> _TASK PROMPT_:
Without any pictures, print exactly the lines that run from the start of the data through the line containing "Students take tests".

> _Data excerpts_:
_ _ _

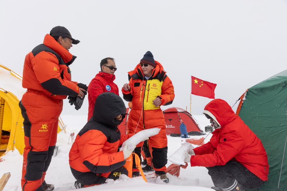 姚檀棟(左一)、湯普森(左二)在普若崗日冰原10號(hào)冰川冰穹C作業(yè)點(diǎn)工作帳篷內(nèi)與冰芯鉆取工作負(fù)責(zé)人徐柏青研究員合影。新華社記者姜帆 攝
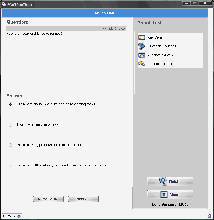 Students take tests online by accessing the Testing tool from their FirstClass ED Desktops. All they need is the grade, class, and test code.
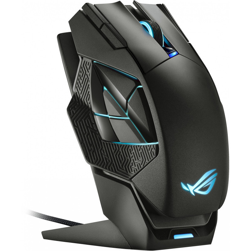 "ASUS ROG Spatha X. Form factor: Right-hand. Movement detection technology: Optical, Device interface: RF Wireless + USB Type-C, Movement resolution: 19000 DPI, Buttons type: Pressed buttons, Buttons quantity: 12, Scroll type: Wheel, Acceleration (max): 50 G. Illumination colour: Multi. Power source: Batteries. Product colour: Black"\n"Wireless gaming mouse with dual-mode connectivity (wired / 2.4 GHz) with magnetic charging stand, 12 programmable buttons, specially tuned ROG 19,000 dpi sensor, Exclusive Push-Fit Switch Sockets, ROG Micro Switches, ROG Paracord and Aura Sync RGB lighting
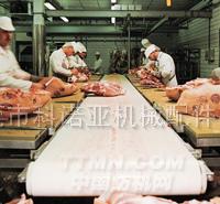 在肉類和家禽類的加工過程中,因為需要在輸送上進行切割,所以對皮帶的耐切割有著極高的要求。 您可以選擇耐熱水,易清洗的PU涂層皮帶,還可選擇耐油和油脂的使用壽命長的PVC涂層皮帶。
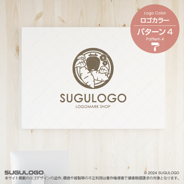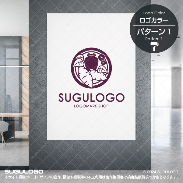 つぼ焼きイモとサツマイモ、そしてサツマイモの花をモチーフにした、和モダンで品格のあるエンブレムロゴです。中央のつぼ焼きイモは、昔ながらの製法や丁寧な焼き上げ、こだわりの味わいを象徴し、周囲のサツマイモと花のモチーフが、素材の良さや自然の恵みを表現しています。円形の構成により安定感と親しみやすさがあり、専門性と信頼感を同時に伝えられるデザインです。一般的な焼き芋ではなく、あえて壺(つぼ)を描くことで、遠赤外線で焼き上げる本格的な製法を一目で消費者に伝えます。つぼ焼きイモ専門店、焼き芋店、移動販売、和スイーツ店、農産加工ブランド、地域特産品ブランドなどに最適です。伝統と素材へのこだわりを大切にしたブランドづくりにおすすめのロゴです。

_ _ _

> _SOLUTION TO THIS PROBLEM_:
 姚檀棟(左一)、湯普森(左二)在普若崗日冰原10號(hào)冰川冰穹C作業(yè)點(diǎn)工作帳篷內(nèi)與冰芯鉆取工作負(fù)責(zé)人徐柏青研究員合影。新華社記者姜帆 攝
 Students take tests online by accessing the Testing tool from their FirstClass ED Desktops. All they need is the grade, class, and test code.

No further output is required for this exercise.